**PROVIDED RECORDS:**
......

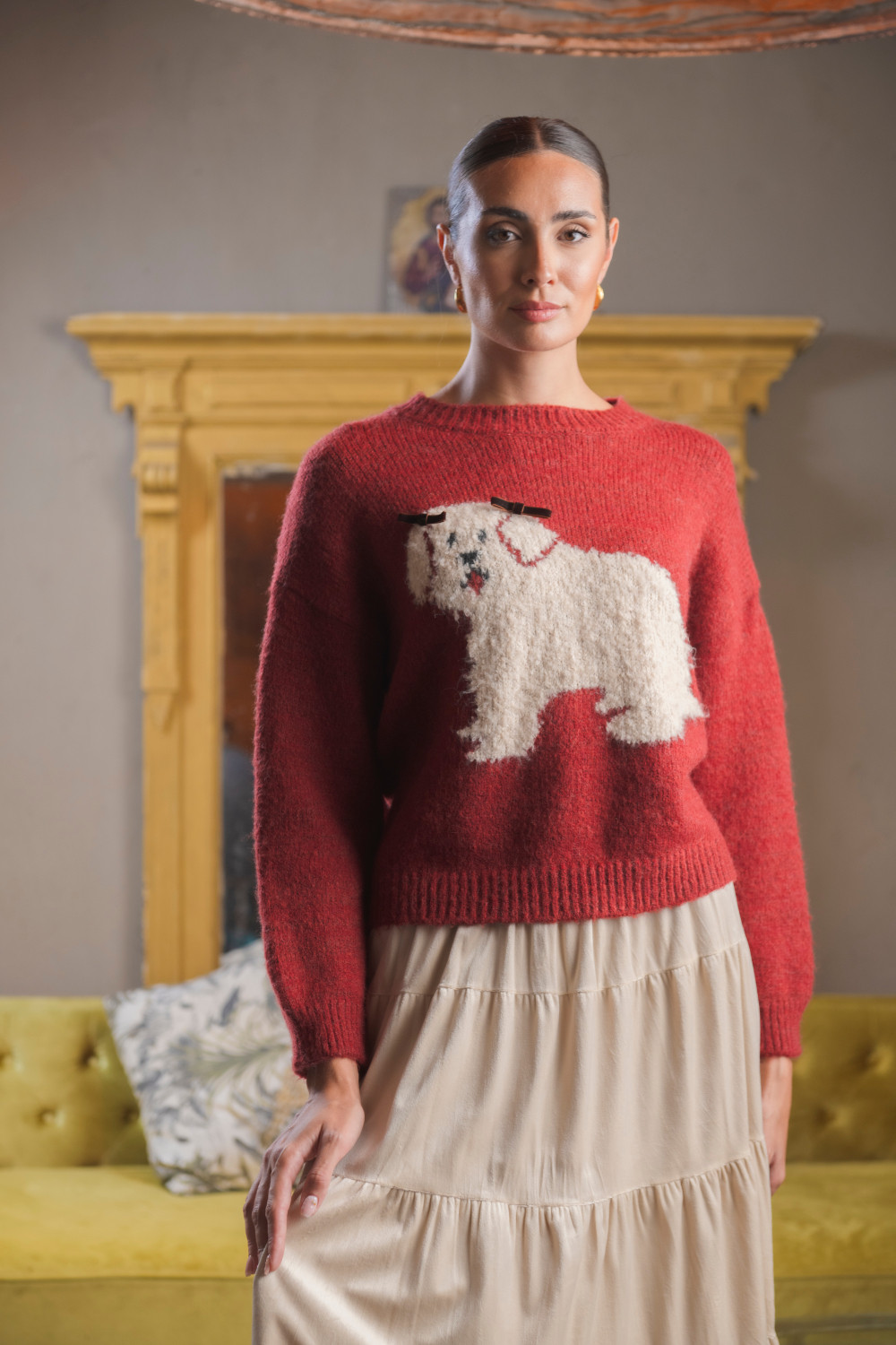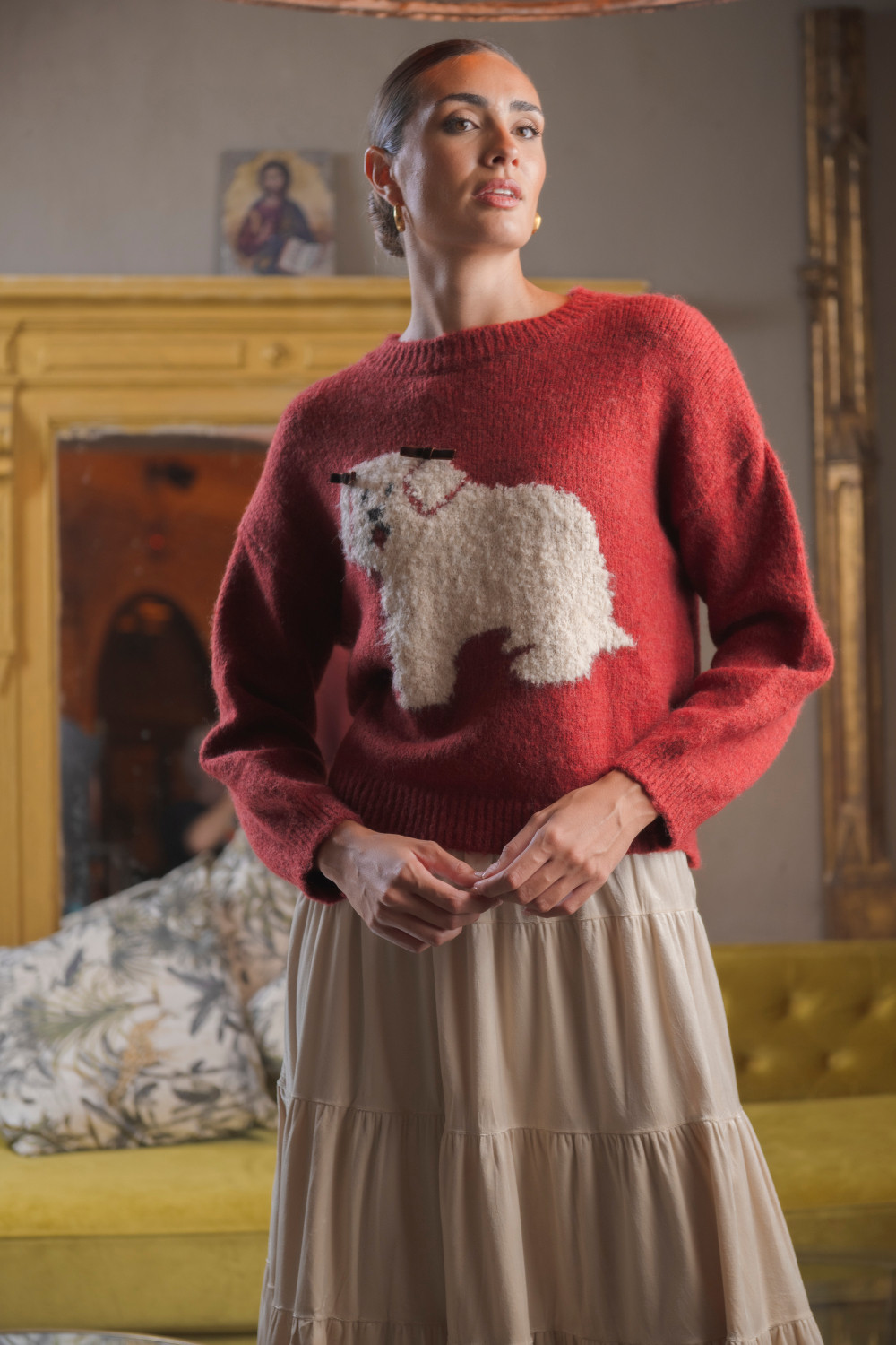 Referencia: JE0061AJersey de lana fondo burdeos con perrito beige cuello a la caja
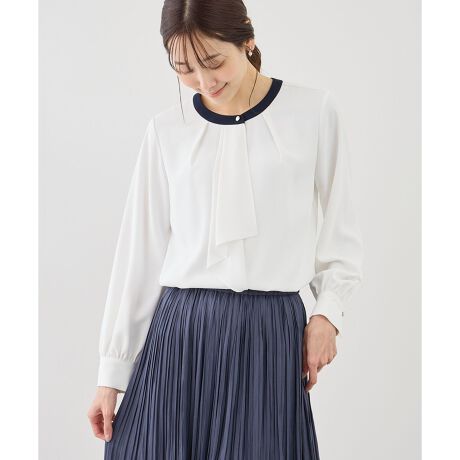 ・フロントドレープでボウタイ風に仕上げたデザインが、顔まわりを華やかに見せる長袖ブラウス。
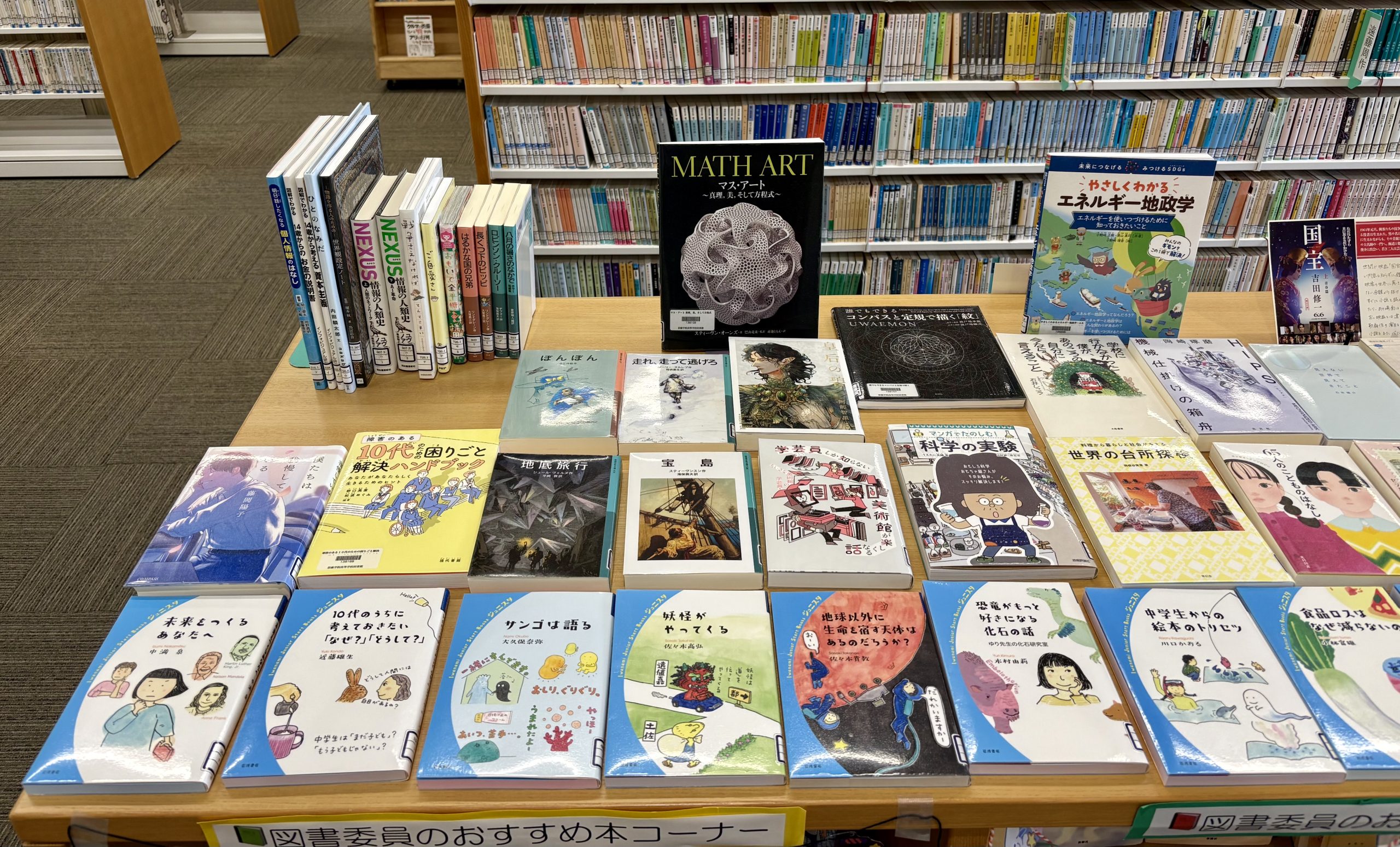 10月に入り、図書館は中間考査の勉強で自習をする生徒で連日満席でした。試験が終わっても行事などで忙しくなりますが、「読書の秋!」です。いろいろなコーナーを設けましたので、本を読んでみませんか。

......

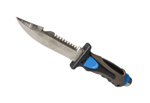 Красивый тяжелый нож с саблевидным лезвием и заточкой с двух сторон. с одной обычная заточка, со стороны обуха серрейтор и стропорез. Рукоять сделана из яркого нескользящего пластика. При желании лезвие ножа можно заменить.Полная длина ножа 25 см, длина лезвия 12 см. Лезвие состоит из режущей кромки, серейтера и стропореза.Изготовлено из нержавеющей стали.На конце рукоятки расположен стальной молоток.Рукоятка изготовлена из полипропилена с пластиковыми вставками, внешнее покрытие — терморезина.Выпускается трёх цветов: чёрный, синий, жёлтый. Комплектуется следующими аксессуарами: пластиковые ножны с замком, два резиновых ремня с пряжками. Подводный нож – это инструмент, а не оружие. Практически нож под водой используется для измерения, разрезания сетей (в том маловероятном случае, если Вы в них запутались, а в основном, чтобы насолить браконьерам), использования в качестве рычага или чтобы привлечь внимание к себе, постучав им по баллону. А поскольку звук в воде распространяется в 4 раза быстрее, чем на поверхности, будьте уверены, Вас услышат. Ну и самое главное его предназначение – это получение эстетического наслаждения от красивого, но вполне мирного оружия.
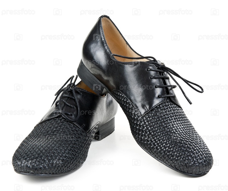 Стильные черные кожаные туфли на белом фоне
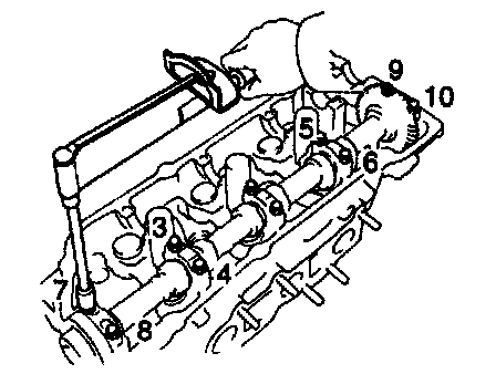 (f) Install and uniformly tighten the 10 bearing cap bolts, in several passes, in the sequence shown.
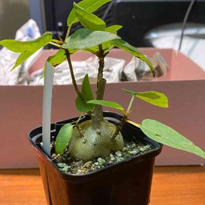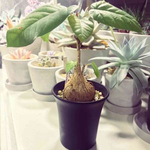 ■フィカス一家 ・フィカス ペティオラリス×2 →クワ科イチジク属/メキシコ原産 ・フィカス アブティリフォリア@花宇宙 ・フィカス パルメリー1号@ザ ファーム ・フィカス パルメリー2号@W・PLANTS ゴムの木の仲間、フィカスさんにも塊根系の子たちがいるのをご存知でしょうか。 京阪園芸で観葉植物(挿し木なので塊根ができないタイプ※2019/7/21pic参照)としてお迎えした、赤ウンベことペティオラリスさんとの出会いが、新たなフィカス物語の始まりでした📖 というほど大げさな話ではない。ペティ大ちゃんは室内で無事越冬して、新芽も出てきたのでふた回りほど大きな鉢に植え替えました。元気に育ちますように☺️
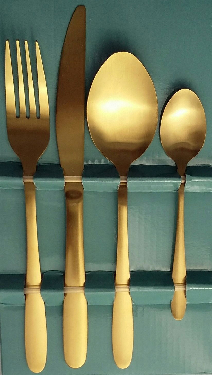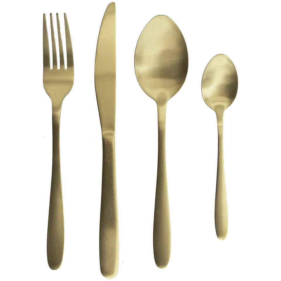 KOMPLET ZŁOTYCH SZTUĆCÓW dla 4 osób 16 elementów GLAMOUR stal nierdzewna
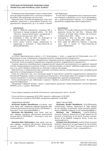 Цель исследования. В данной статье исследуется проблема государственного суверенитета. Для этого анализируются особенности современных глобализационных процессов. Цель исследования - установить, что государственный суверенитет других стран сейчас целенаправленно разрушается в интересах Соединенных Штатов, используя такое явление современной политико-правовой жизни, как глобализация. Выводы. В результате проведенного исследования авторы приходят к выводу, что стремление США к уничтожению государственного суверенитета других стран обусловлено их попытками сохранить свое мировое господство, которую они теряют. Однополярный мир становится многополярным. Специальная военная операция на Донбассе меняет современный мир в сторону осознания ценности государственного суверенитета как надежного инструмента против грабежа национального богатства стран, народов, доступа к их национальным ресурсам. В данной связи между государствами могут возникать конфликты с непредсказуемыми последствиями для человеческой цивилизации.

......

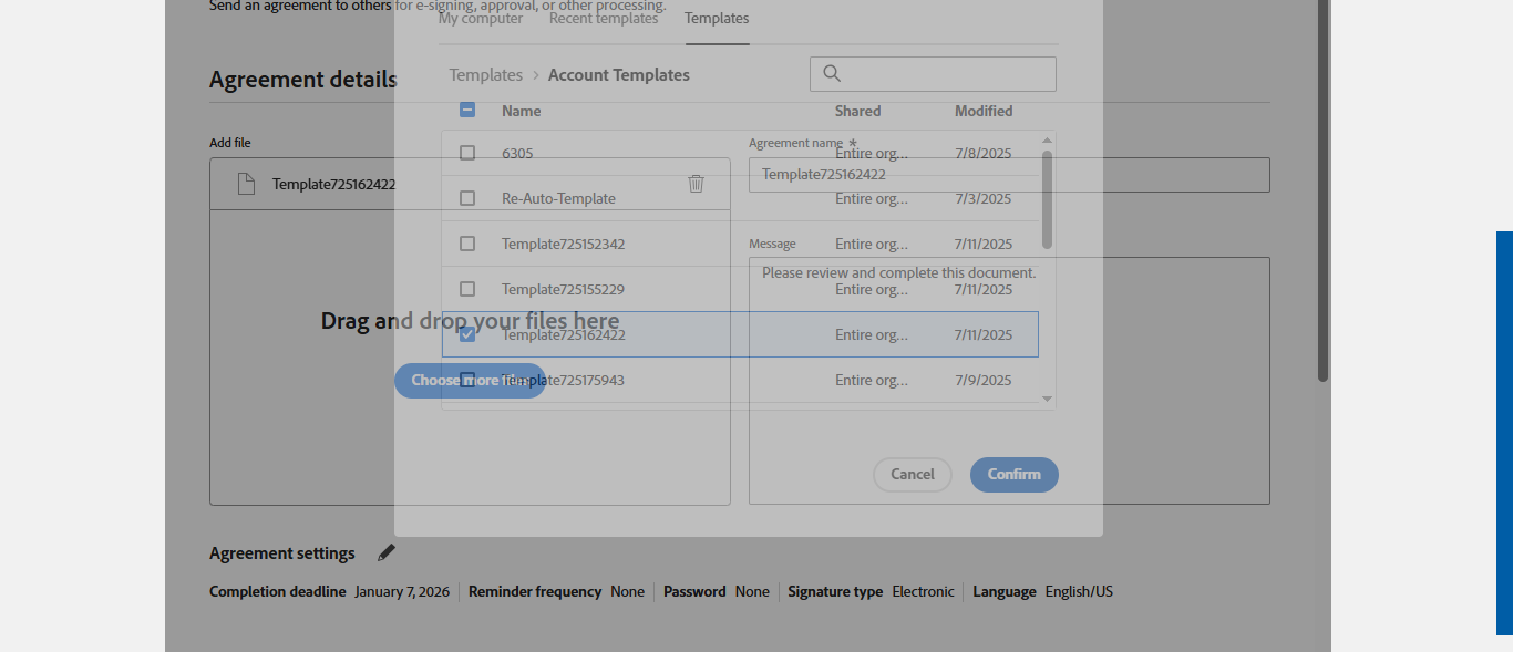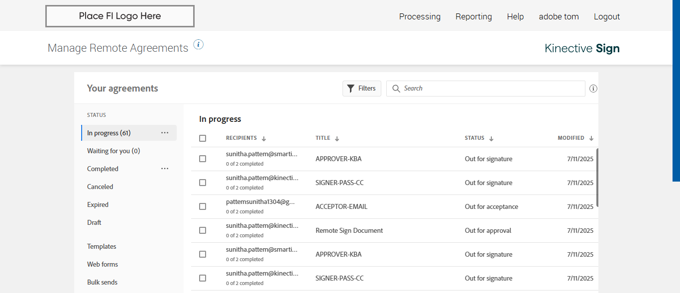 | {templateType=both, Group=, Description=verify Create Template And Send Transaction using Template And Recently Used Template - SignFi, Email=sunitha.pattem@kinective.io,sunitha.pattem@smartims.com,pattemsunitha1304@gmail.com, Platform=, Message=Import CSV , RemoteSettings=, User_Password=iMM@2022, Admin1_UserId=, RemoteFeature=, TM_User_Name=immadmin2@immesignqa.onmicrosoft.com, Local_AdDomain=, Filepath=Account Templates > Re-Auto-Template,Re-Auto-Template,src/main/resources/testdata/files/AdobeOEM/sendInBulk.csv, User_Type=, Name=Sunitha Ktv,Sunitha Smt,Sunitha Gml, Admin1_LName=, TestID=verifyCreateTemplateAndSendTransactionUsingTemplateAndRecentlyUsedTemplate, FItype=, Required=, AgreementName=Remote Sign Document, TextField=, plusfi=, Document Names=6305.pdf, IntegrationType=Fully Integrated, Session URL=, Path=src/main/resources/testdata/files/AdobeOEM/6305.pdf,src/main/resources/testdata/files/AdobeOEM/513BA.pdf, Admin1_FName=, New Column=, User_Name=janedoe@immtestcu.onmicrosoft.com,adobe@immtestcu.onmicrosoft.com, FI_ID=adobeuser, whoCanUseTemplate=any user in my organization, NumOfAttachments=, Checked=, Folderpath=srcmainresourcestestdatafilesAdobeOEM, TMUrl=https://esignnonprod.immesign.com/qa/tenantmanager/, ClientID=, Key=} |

......

**WHAT IS EXPECTED:** Although pictures appear among the entries, please set down only the lines from the one with "(f) Install and" up to and including the one with "KOMPLET ZŁOTYCH SZTUĆCÓW", word for word.

**RESULT FOR THIS TASK:**
 (f) Install and uniformly tighten the 10 bearing cap bolts, in several passes, in the sequence shown.
 ■フィカス一家 ・フィカス ペティオラリス×2 →クワ科イチジク属/メキシコ原産 ・フィカス アブティリフォリア@花宇宙 ・フィカス パルメリー1号@ザ ファーム ・フィカス パルメリー2号@W・PLANTS ゴムの木の仲間、フィカスさんにも塊根系の子たちがいるのをご存知でしょうか。 京阪園芸で観葉植物(挿し木なので塊根ができないタイプ※2019/7/21pic参照)としてお迎えした、赤ウンベことペティオラリスさんとの出会いが、新たなフィカス物語の始まりでした📖 というほど大げさな話ではない。ペティ大ちゃんは室内で無事越冬して、新芽も出てきたのでふた回りほど大きな鉢に植え替えました。元気に育ちますように☺️
 KOMPLET ZŁOTYCH SZTUĆCÓW dla 4 osób 16 elementów GLAMOUR stal nierdzewna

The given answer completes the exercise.